Khushi expressed shock that the video went viral on Facebook, a few days earlier. And the unfortunate incident had pushed Khushi into mental trauma. She was appalled that people do not share the videos of hunger, poverty and other issues prevailing in the society and instead devote their time in humiliating the marginalized on social media.

Khushi was also quoted by news reports as saying – it took her a month to come out of the mental shock she underwent after the incident. “I did not react to our abuser but it was disheartening to witness the silence of the public watching the entire incident,” she confided.

As a social worker, Khushi works for the welfare of the Kashmiri transgender community, which is deprived of any means of income due to their stigmatized presence in the cis-gender community.

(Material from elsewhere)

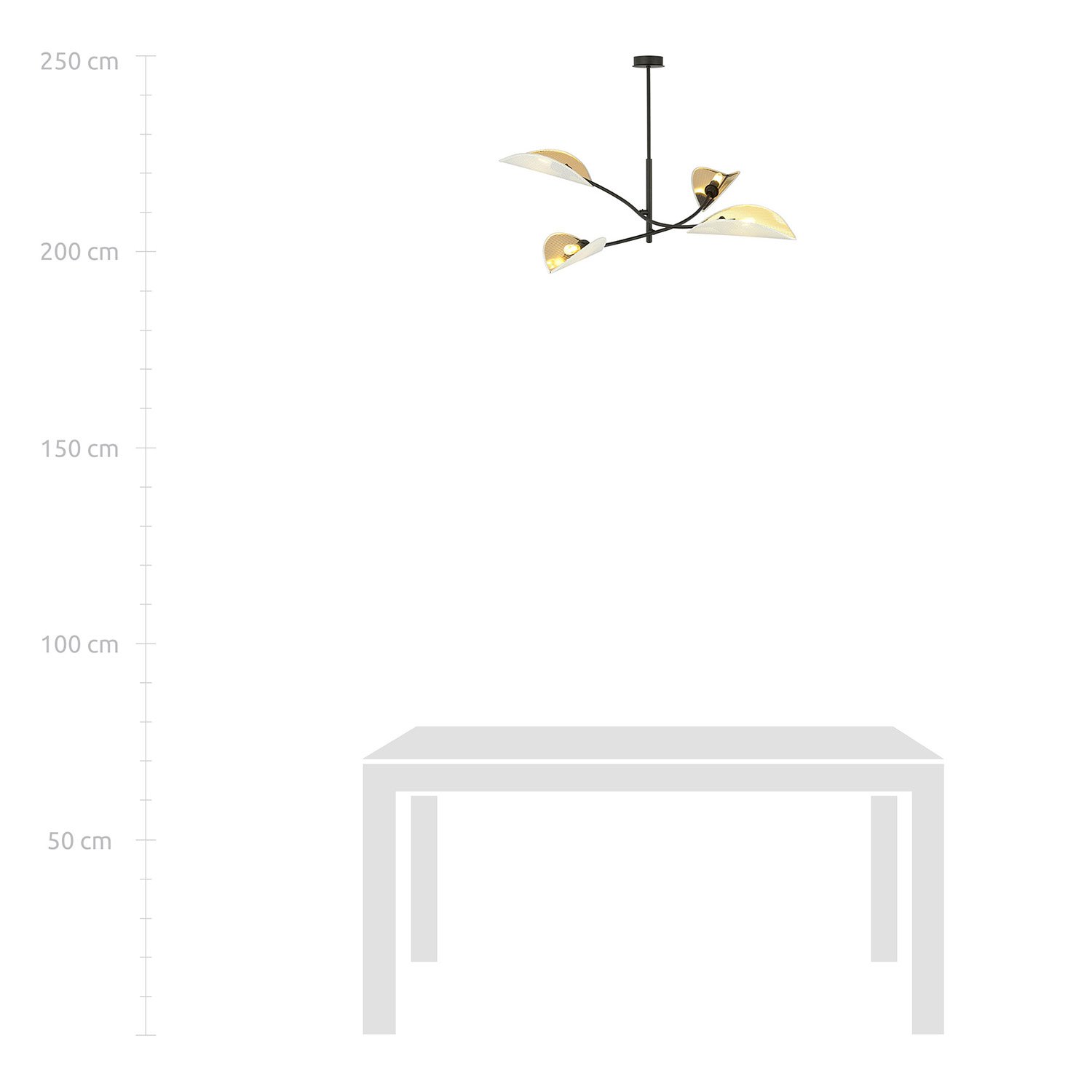 Sospensione realizzata con base in metallo nero e bracci mobili con 4 diffusori originali rivestiti di tessuto bianco all'esterno e oro all'interno. . Si adatta perfettamente ai gusti dei clienti che apprezzano materiali unici e un design originale di ispirazione etnica. Gli eccezionali paralumi a forma di foglia aggiungono una straordinaria delicatezza alla lampada. La lampada da soffitto LOTUS riscalderà perfettamente l'interno della tua casa, creando un'atmosfera accogliente. Sta meglio in soggiorno o in camera da letto e attirerà sicuramente l'attenzione di tutti gli ospiti. I paralumi aperti illuminano efficacemente la stanza, creando un'atmosfera unica. Realizzato con materiali di altissima qualità.

“I believe Allah does not teach us to discriminate. Our God is the same. There are no differences in Islam among genders, religions, castes, and the like,” she added.

Walter Bockting, a professor of medical psychology and the co-director of the LGBT Health Initiative (NY State Psychiatric Institute), says that Transgender refers to having a gender identity that differs from one’s sex assigned at birth. “Gender identity” refers to the basic conviction of being a man, woman or another gender (e.g., bigender, genderqueer, gender questioning, gender nonconforming).

Some transgender people do transition and others do not. Transition refers to a change in gender roles and it is not for everyone. A change in gender role may also be part-time or involve changes in some parts of gender expression and not in others. For example, some transgender women only present in the female gender role at the time of their choosing while socializing.

Bockting believes that the child appears to be negatively affected by stigma attached to gender nonconformity. He says that the child is showing signs of experiencing gender dysphoria, which refers to the distress they may experience as a result of a conflict between sex assigned at birth and gender identity/role.

Khushi is proud of her gender identity and believes that it is high time for the people to make themselves aware of the identities existing beyond the ones encouraged by the heteronormative world.